From my reading of Hockney’s book, I believe there’s an interesting connection between Galileo and Caravaggio. They both used lenses (most likely) and they both could claim the patronage of members of the Del Monte family. In my imagination, General Del Monte is the person who supplied lenses to both of them. How else could Galileo have produced a superior spyglass in 1609 with only two weeks in his workshop?

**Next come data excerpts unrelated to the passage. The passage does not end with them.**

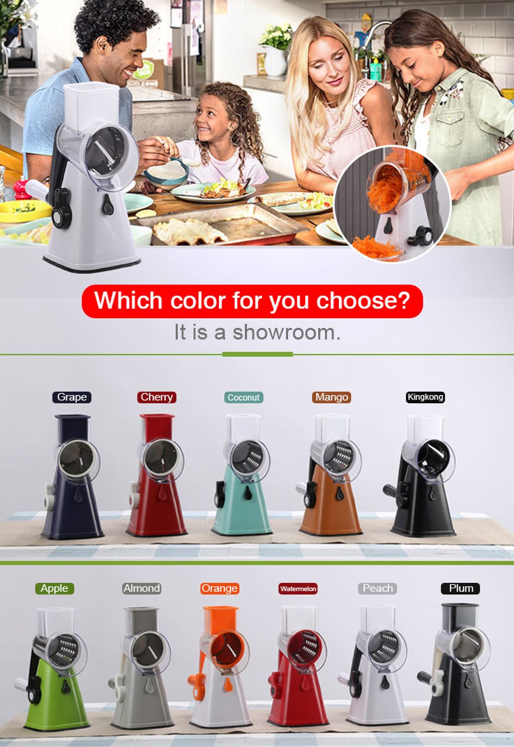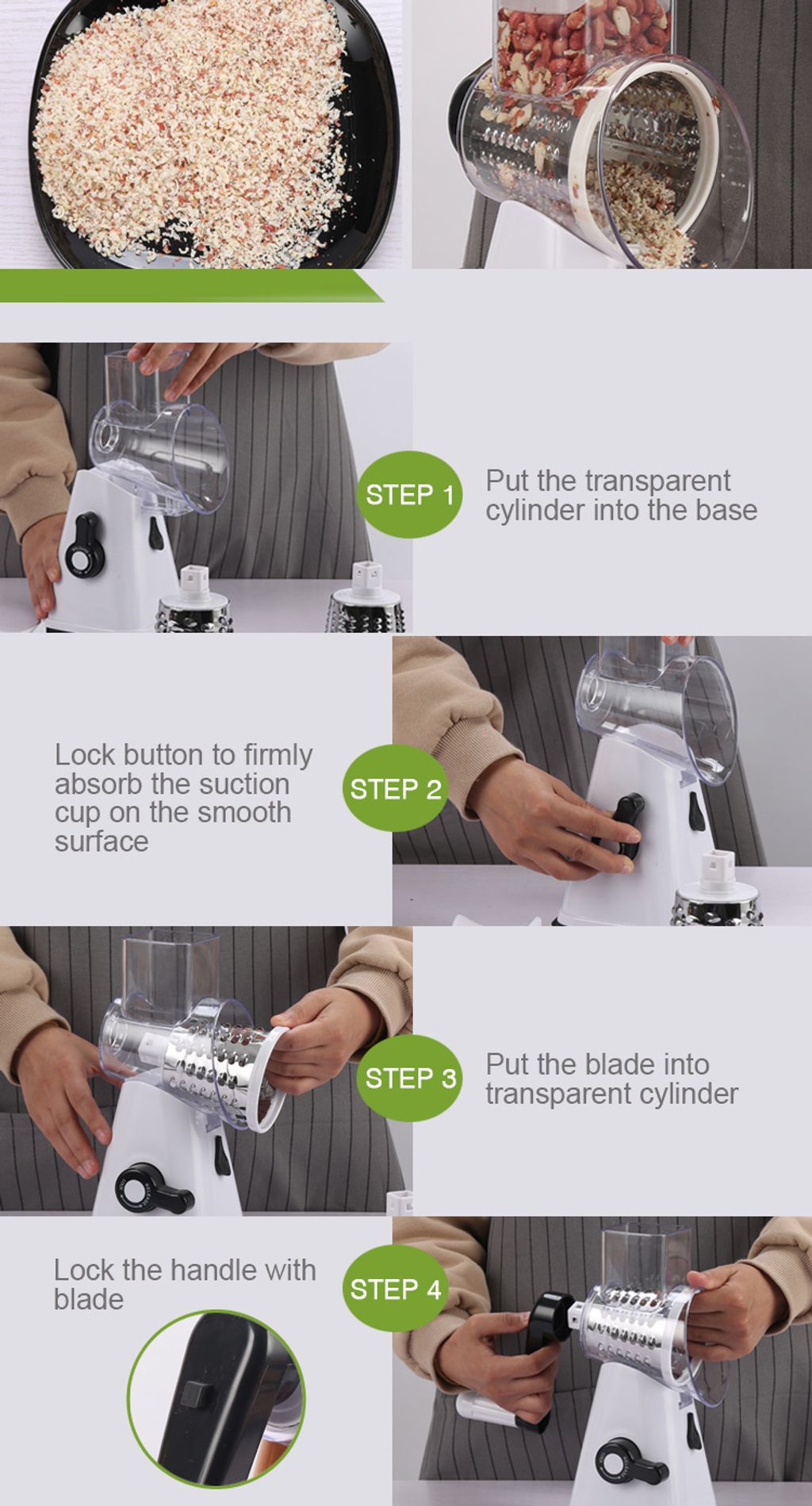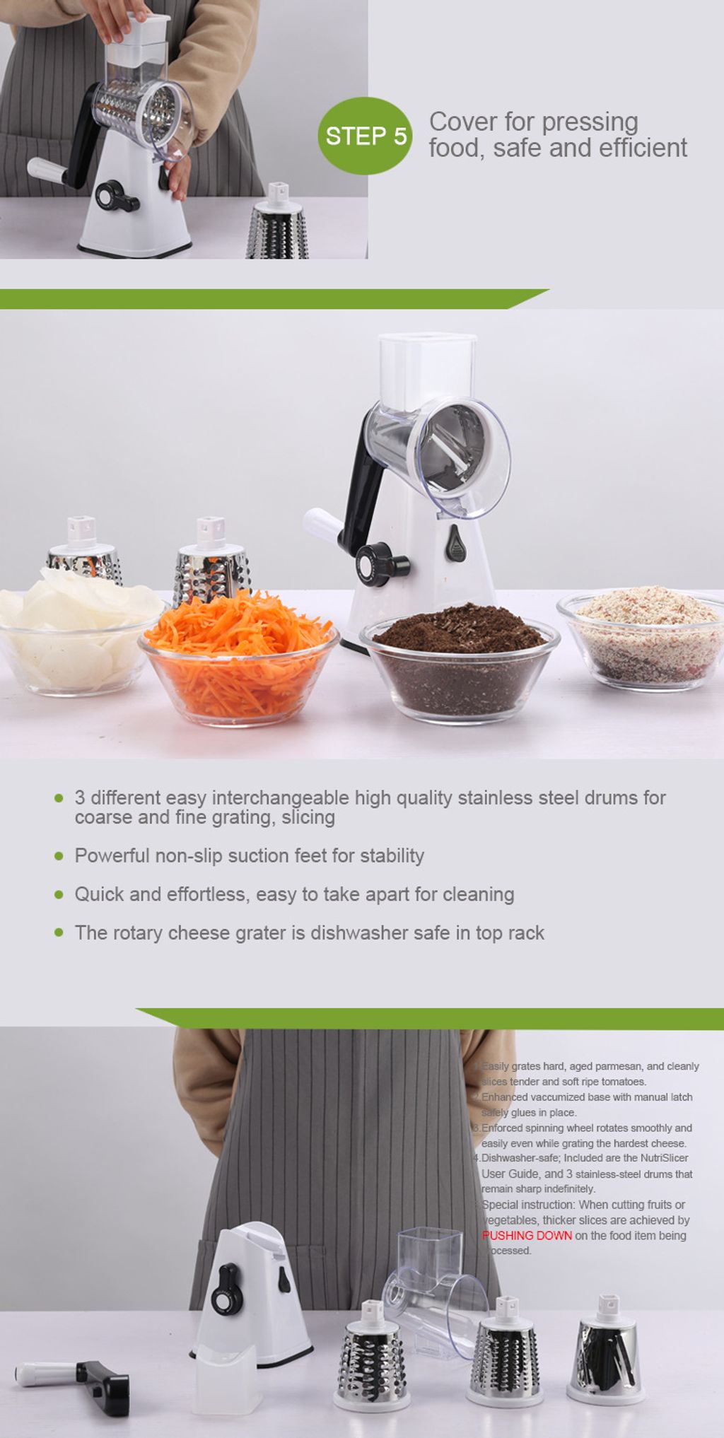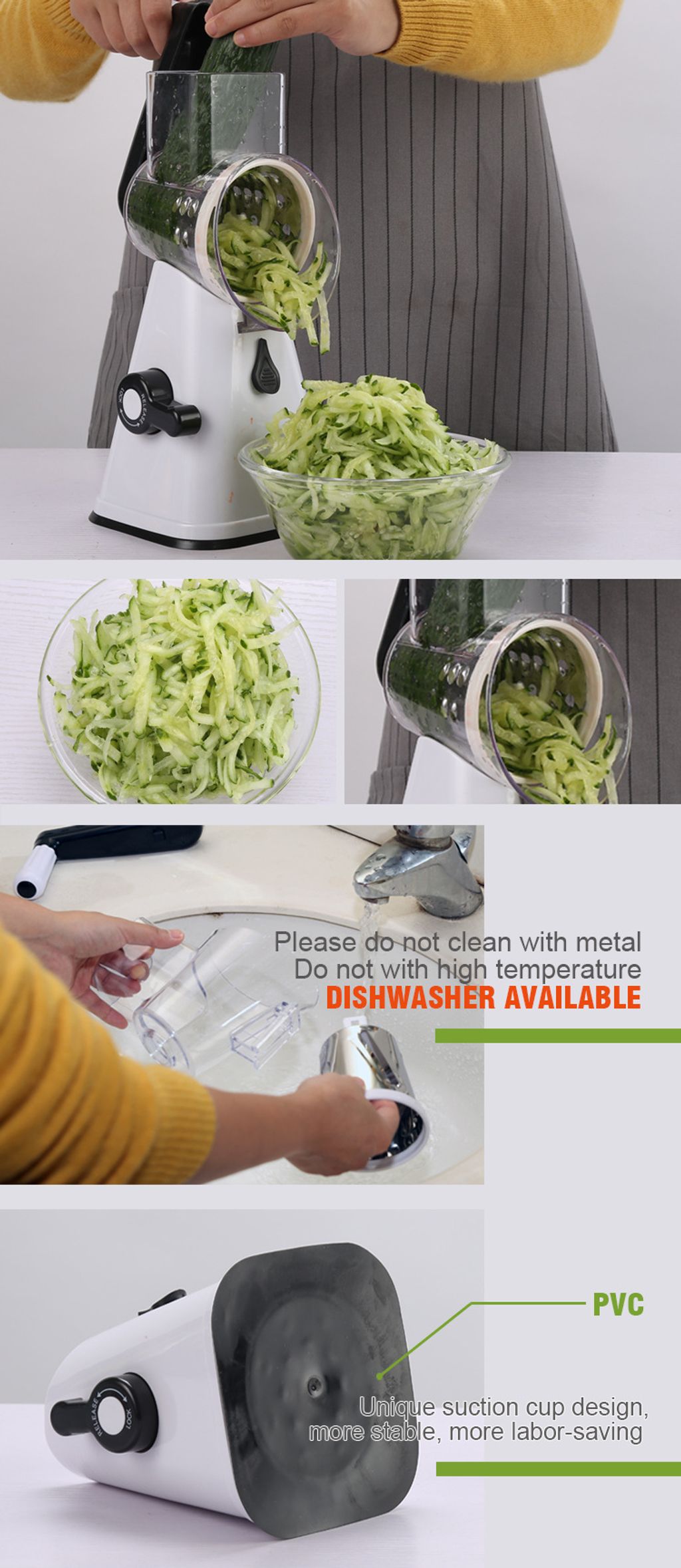 - Humanity Design & Stable Suction Cup: The humanity design of the cheese grater made customer easy to operate, and it can be firmly fixed on the smooth work table, one-button lock, prevent falling off. We provide not only good rotary cheese grater, but also good services. If you have any problem with the kitchen gadgets, just feel free to contact with us,we will solve the problem for you in time!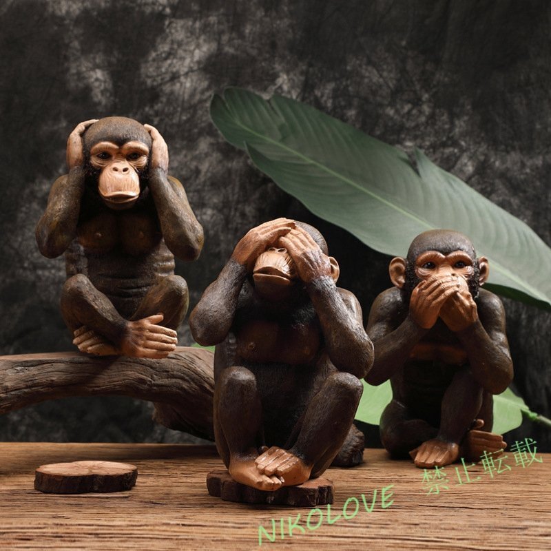 - 新品ゴリラ 3個セット リアル オブジェ 置物 インテリア 雑貨 動物 アニマル 装飾 猿 おきもの 北欧 リビング デコレーション LG274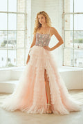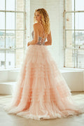 Radiate sophistication in this breathtaking Amelia Couture gown, expertly crafted for your most memorable occasions. The sleek square neckline with delicate straps showcases an open back design secured with a smooth zipper, creating an irresistibly elegant silhouette. Intricate beading adorns the fitted bodice, while the voluminous A-line skirt cascades to the floor with dramatic tiered ruffles and a striking train. Constructed from luxurious tulle and polyester with an integrated bra cup and full lining for all-day comfort and confidence. Ideal for proms, red carpet events, galas, weddings, and formal celebrations. Offered in light pink, sizes 0-14.

The lenses were probably handed to him by someone.


https://smile.amazon.com/Secret-Knowledge-New-Expanded-Rediscovering/dp/0142005126/ref=sr_1_8


About my fascination with all things astronomical:


[DP’s song]

I think about the stars up in the sky.

I think about the way they mystify.

They open my heart to infinity

and the infinitesimal - that's me.


When morning comes the stars all go bye bye.

They rest themselves until another night.

Astronomers wake up while we're in bed,

when stars are cast like diamonds overhead.


Nova, eclipse, black hole, spinning pairs,

planets wandering up-and-down the stairs,

the moon illuminated by the sun;

Earth -- which is the home of everyone.


I don't believe that Earth is flat or square,

(or that) giant pillars hold it in the air,

(or) above there is a crystal dome with doors

that open to let rain in when it pours.


I dream about the sky at the gym

(because) I pretend I'm flying when I swim,

for long ago on a summer afternoon

I once took a trip up to the moon.

(On July 20th 1969, Apollo 11 launched to space. I was 14 years old.)